United Nations Considers Cannabis as Medicine; Removes Cannabis from Schedule In Historic Decision

Removing from Schedule IV Will Have Far Reaching Impact on Medical Cannabis Patients Around the World

Washington, DC -- Today, a historic decision by the United Nations Commission on Narcotic Drugs (CND) was made when it adopted the World Health Organization’s (WHO) recommendations to remove cannabis and its resin from Schedule IV under the UN Single Convention on Narcotic Drugs of 1961, with the United States voting for the deletion from Schedule IV. A total of 27 countries voted in favor of removal from Schedule IV, 25 countries voted against, and one country abstained from voting (Ukraine). The Schedule IV placement is intended for drugs that are dangerous and lack therapeutic importance. 

Americans for Safe Access (ASA) and its program, the International Medical Cannabis Patients Coalition (IMCPC), has been fighting to reschedule cannabis at the United Nations for over a decade and even created their own critical review in 2016 that was delivered to the UN, which helped prompt the Expert Committee on Drug Dependence (ECDD) to begin their pre-review process to look at the science and policies related to medical cannabis. 

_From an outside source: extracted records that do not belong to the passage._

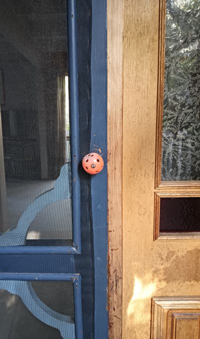 The silent handles of the fly-wire door are orange plastic practice golf balls which our father may have struck at the beach at low tide. In his latter years, especially those seven after Mum died, he played nine holes of golf on Tuesdays at a course 40 minutes away. Not a flash, fancy golf course by any stretch of the fairway’s imagination. A flat course bordered by flat farmland.
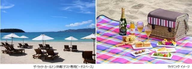 ホテルに程近い喜瀬ビーチには、ザ・リッツ・カールトン沖縄「ゲスト専用ビーチスペース」がオープンし、専用車両による無料送迎を行っております。ビーチスペースにはデッキチェアとパラソルをご用意し、お飲物や軽食もご注文いただけます。また、特製クラブハウスサンドイッチ、グリーンサラダ、チップス、フルーツ盛り合わせ、クッキー、ジュースなどをバスケットに詰め込んだザ・リッツ・カールトン沖縄オリジナルのピクニックボックス「リッツニック(ritz-NIC)」をご提供しています。シャンパンとセットでもご注文いただけますのでビーチにお持ちになり、ご家族やご友人と優雅なランチタイムをお過ごしになってはいかがでしょうか。
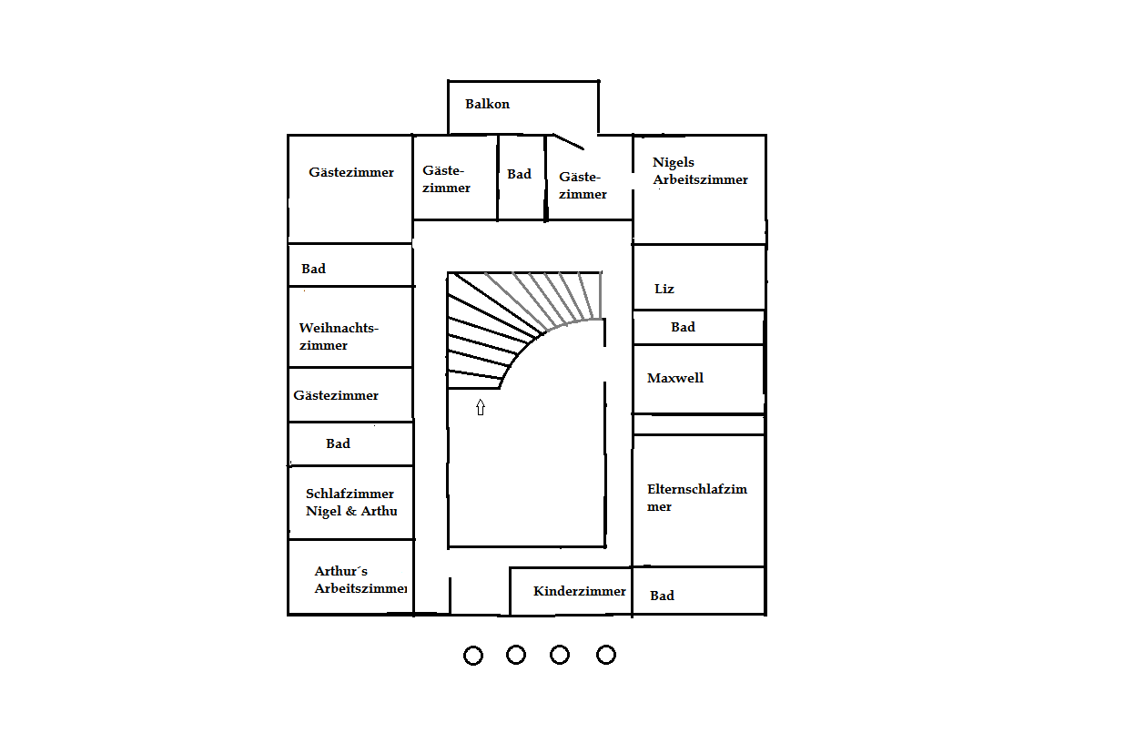 „Im ersten Stock befinden sich zehn Schlafzimmer, fünf Bäder und zwei Arbeitszimmer“, erklärte Nigel während sie die Treppe hochgingen. „Wie du vielleicht bemerkt hast, ist das Haus beinahe quadratisch. Die Glaskuppel bildet die Mitte, um die sich alle Räume gruppieren. Je zwei Schlafzimmer teilen sich ein Bad.“

After much pressure, the independent, scientific advisory body to the WHO, the ECDD, was able to conduct a rigorous, evidence-based, and multi-year review of cannabis and its resin that ultimately determined that the WHO should recommend to the CND that they be removed from Schedule IV. This decision will now put much needed pressure on the United States government to reschedule cannabis from the very outdated Control Substances Act, which does not recognize the difference between medical and recreational use of cannabis.

“After six decades since its placement into the strictest international category, and three years of review, the UN has finally made the decision to recognize the therapeutic value of cannabis. This is a momentous occasion for cannabis advocates everywhere who have been fighting for this change for many years. 

“The placement of cannabis and its resin in Schedule IV was outdated, not based on scientific evidence, and harmful to the millions of patients around the world who use it for therapeutic purposes. 

“The WHO’s function is to give us scientific guidance, and countries that voted against the WHO’s recommendations are playing politics instead of using rational policy,” said Steph Sherer, president and founder of Americans for Safe Access and the International Medical Cannabis Patients Coalition

The adoption of this recommendation by the CND has far and wide implications for medical cannabis patients in the United States and around the world:

  • Countries will now allow more research of cannabis for medical use.
  • Countries that have not yet provided access to medical cannabis will no longer be able to use this archaic Scheduling as an excuse to block medical cannabis reform.
  • Countries can finally work to move past some of the harms inflicted on medical cannabis patients, including incarceration, fines, and negative stigma.

The CND is made up of 53 member countries and is responsible for implementing international drug control treaties as well as the scheduling of drugs. The CND is supposed to base these decisions on recommendations from the WHO. In January 2019, the WHO determined, as one of the recommendations, that cannabis and cannabis resin should be removed from Schedule IV of the Single Convention.